Varnish Cache and remember-me cookies

Automatically authenticating a previously logged in user upon their next visit (a feature often called "remember me") is an established Internet norm. While the exact implementations vary, they always rely on a special cookie that is set on the client and later recognized as a token signifying the client should be logged in automatically.

The problem

The cookie solution is perfectly fine, but in some environments, where cookies carry additional significance, it might be a source of problems. One such example is when the server is sitting behind a caching solution, such as Varnish. By default, Varnish will let all cookie-carrying requests pass right through it, without doing any processing or caching. This is a very sensible default behavior as it ensures that no personalized content will end up cached and returned to the wrong user, potentially revealing sensitive information. On the other hand, it also means that all clients sending any cookies (remember-me cookies included) will not benefit from the acceleration provided by the cache, nor will the server benefit from the decreased load in these cases as it will get hit every time. This will, of course, occur even if the cookies carry no information used for personalization of the content (as is the case with the remember-me cookie). Luckily, Varnish permits a very fine-grained handling of requests and responses through its excellent domain-specific configuration language, VCL. Yet, simply configuring Varnish to normally process requests carrying (only) the remember-me cookie is not a solution. The initial request carrying the remember-me cookie must pass through the cache and reach the application, so that the authentication process can take place, but all subsequent requests within the same session can be safely intercepted by Varnish (as long as they do not carry some other cookies with personalization info).

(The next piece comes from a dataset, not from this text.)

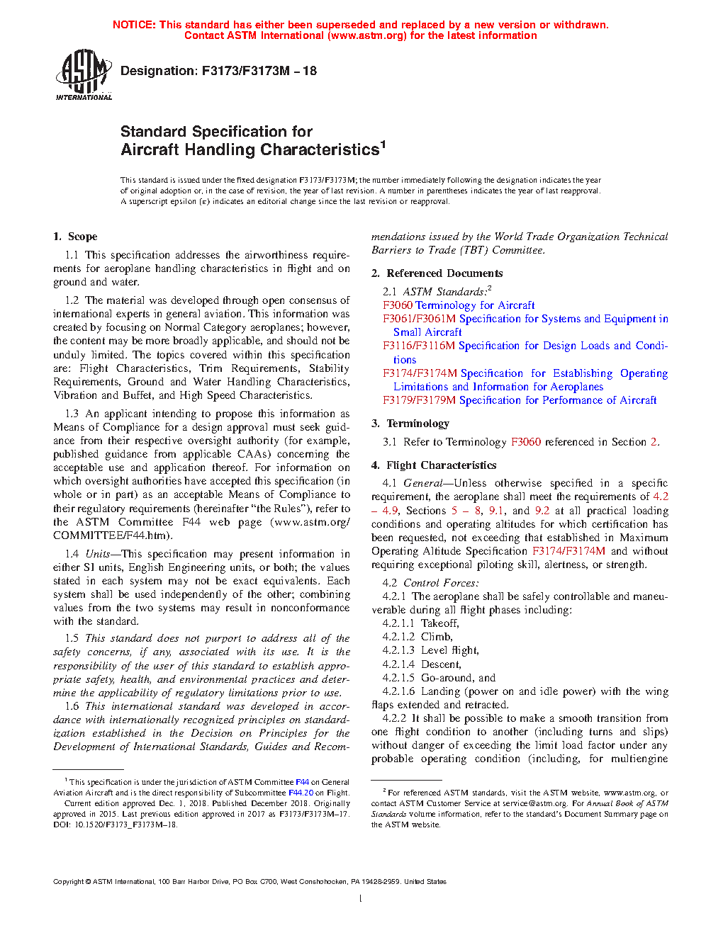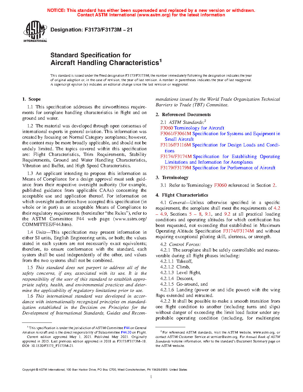 1.2 The material was developed through open consensus of international experts in general aviation. This information was created by focusing on Normal Category aeroplanes; however, the content may be more broadly applicable, and should not be unduly limited. The topics covered within this specification are: Flight Characteristics, Trim Requirements, Stability Requirements, Ground and Water Handling Characteristics, Vibration and Buffet, and High Speed Characteristics.

The problem that arises is how to distinguish the initial from all subsequents requests within the same session. Also, it must be taken into account that it is not predictable which URL within the application a cookie-carrying user will visit first. The user might visit the home page first, but might also land on some bookmarked page, or one they were sent to by a search engine. Checking the request for the presence of a session cookie might be enough, depending on whether this cookie is a temporary one or not. If it is temporary (and thus lost when the browser closes), this solution is probably enough. If the session cookie is persistent, it might get sent even after it had already expired, so its presence is not enough to determine whether the user has an active session.

A solution

One easy way to side-step all this complexity is to introduce an additional surely-temporary cookie which can be used as a flag indicating that the user has already signed in and that the request can be safely intercepted. Since this is a Java blog, the proposed solution will be demonstrated utilizing Spring Security, the platform's de facto standard security framework, but the general principle is reusable in any technology. Spring Security allows custom logic to fire after a successful log-in by implementing and registering an AuthenticationSuccessHandler. This is exactly the place where the new cookie should be added to the response.

Example

As with everything else in Spring, there are multiple ways to register a custom handler, but the most usual way is to add authentication-success-handler-ref attribute to the form-login element in your security context configuration XML.

<form-login ... authentication-success-handler-ref="authenticationSuccessHandler" ... />

<beans:bean id="authenticationSuccessHandler" class="com.example.security.AuthenticationSuccessHandler"/>

The class implementing the behavior should look similar to the following:

public class AuthenticationSuccessHandler extends SavedRequestAwareAuthenticationSuccessHandler {
     @Override
     public void onAuthenticationSuccess(HttpServletRequest request, HttpServletResponse response, Authentication authentication) throws ServletException, IOException {
        Cookie varnishCookie = new Cookie("VARNISH", "true");
        varnishCookie.setPath("/");
        varnishCookie.setMaxAge(-1); //It is very important that this cookie is temporary
        response.addCookie(varnishCookie);
     }
}

On Varnish side, it is enough to allow the request to pass if the remember-me cookie is present and the flag-cookie absent (signifying that the current request is the initial one):

if (req.http.cookie !~ "VARNISH" && req.http.cookie ~ "REMEMBER_ME") {
  return(pass);
}

This way, requests that should auto log-in the user will succeed, while subsequent ones will be intercepted normally, benefiting from Varnish.

Notes

• Since there is bound to be some part of the page that will be specific to the logged-in user, include that part using ESI, and exclude that URL from Varnish processing. Varnish supports ESI:include so the setup is relatively simple.